Солнце только что закатилось за песчаный холм, окрашивая чистое небо и безграничную пустыню в потрясающий золотисто-пурпурный цвет. Холодный вечер пустыни, который целый день скрывался далеко от его раскаленного и безжалостного взгляда, нетерпеливо разливается сейчас и пронзает все вокруг сильной дрожью. Где-то тихо колышутся финиковые пальмы. Немногочисленные верблюды мирно склонили колени, будто готовясь к молитве. Кажется, что все здесь, в пустыне, живет и существует в одном и том же разительном противоречии: свет и тьма, жара и холод, сухой песок и райский оазис, дикость и кротость, грех и святость…
Главарь шайки со своими молодцами уже завернулись в толстые одеяла из верблюжьей шерсти и молча сидят вокруг тихо потрескивающего костра. На небе, которое сейчас окрашивается в темно-синий цвет, мигают первые звезды. «Ну, давай, выпей немного», дерзает прервать тишину самый молодой с жидкими усиками на покрытом пушком юношеском лице, передавая глиняную чашу своему главарю.

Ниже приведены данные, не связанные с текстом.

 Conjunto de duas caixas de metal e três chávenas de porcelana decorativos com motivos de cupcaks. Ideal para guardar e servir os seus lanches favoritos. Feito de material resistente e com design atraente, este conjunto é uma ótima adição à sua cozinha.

Так, рассеянно, со взглядом, погруженным в бесконечность, главарь берет и пьет чашу, поглощенный мыслями, о которых может знать только он сам и Бог…Вот уже много дней подряд его молодцы смотрят на него по-другому, утратили вкус к «работе» и беготне, нет настроения на остроумные проделки и шутки. Что же это такое, что так мучит его? Может он думает о старой матери, которую похоронили месяц назад в Оксиринхе, или о единственном сыне, которого он оставил пятилетним на руках у бабушки, когда умерла жена, а сейчас узнал, что тот стал монахом в обители Пахомия в Тавеннисе?

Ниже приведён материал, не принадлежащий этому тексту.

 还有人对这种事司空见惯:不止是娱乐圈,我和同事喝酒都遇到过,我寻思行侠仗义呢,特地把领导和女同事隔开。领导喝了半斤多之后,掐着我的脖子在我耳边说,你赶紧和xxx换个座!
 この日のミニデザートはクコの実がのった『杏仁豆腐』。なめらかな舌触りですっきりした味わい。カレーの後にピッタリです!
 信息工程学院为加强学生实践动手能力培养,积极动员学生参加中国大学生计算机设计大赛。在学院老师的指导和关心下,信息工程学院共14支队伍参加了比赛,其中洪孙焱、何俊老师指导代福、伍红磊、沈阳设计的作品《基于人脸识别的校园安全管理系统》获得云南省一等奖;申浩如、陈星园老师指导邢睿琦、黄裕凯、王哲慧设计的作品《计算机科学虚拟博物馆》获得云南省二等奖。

«Александр, откуда это вино?», спросил он со вздохом юношу, который передал ему чашу, как будто крепкий вкус напитка пробудил его от глубокого сна. «От старца Аммуна из Фив», охотно ответил тот. И пытаясь прогнать с лица главаря шайки плохое настроение, продолжал: «Помнишь, как на днях он «потчевал» нас? Клянусь, этот старик весьма труслив. Он дрожал как лист при виде твоего кинжала. Говорил же я тебе потребовать у него и жемчуг, не знаю, почему ты меня не послушал. Все знают, что в молодости он был ловцом жемчуга на Красном море».

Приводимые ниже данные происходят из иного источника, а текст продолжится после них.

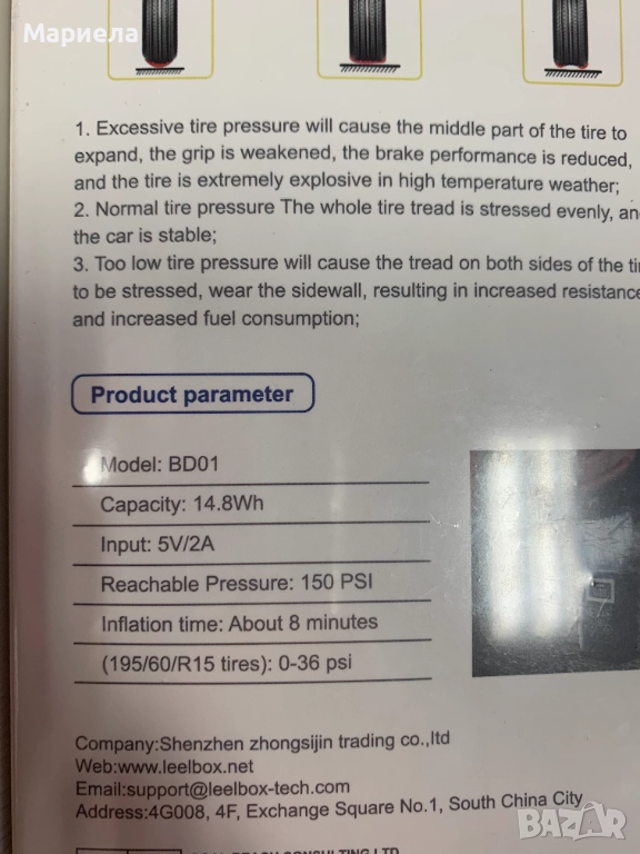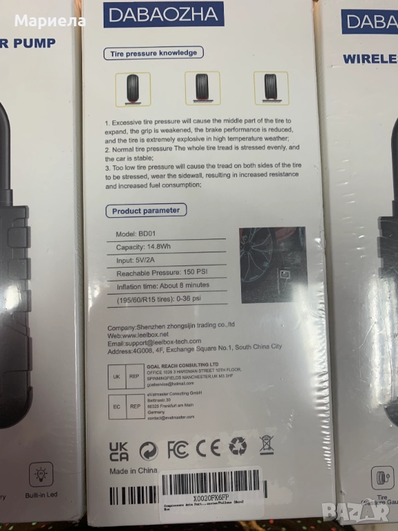 Този безжичен компресор е оборудвана с акумулаторна батерия от 6000 mAh и има LED екран със символ за индикатор за енергия, за да се зарежда навреме, когато е налична само една клетка.

Туча опустилась на лицо главаря и снова погрузила его в глубокое молчание. Один или двое из разбойников утомившись, опустились на землю в своих одеялах. Александр собирался встать, чтобы принести воды верблюду, который стоял на коленях позади них. «Эй, кто это такой?» послышалось снова, в тот момент, когда он собирался встать на ноги. Его орлиный взор странным образом приковала тень, которая едва показалась из-за скалы напротив, и, поставив на землю что-то вроде небольшого сосуда, в усталости склонилась попить водички, которая тихо журчала в источнике. «А, да это Пафнутий», сказал самому себе юноша и снова охотно обратился к своему главарю: «Капитан, а ты знаешь, что вы с ним земляки? Он из Оксиринха. Верующие почитают его за святого. Да и ты наверняка слышал, что с тех пор, как стал монахом, он не брал в рот ни капли вина. К тому же говорят, что он зарекся никогда не пробовать его даже на вкус. Смотри, как он еле волочит ноги! Интересно, откуда он возвращается в такой час?»
Взгляд главаря шайки был упорно прикован к худощавому и усталому силуэту. На какое-то время комок встал у него в горле. Затем дыхание его участилось…Он протянул пустую чашу Александру. «Угости», властно прошептал главарь, не отводя взгляда от монаха. Александр повел плечами и, склонившись, вновь наполнил чашу своего главаря. «Эй, старец!», закричал тот неожиданно, сложив правую руку рупором и поднеся ко рту. «Так говорит Бог? Я знаю, ты не гордый! Потрудись немного, чтоб отдохнуть и составить нам компанию, а то нам скучно».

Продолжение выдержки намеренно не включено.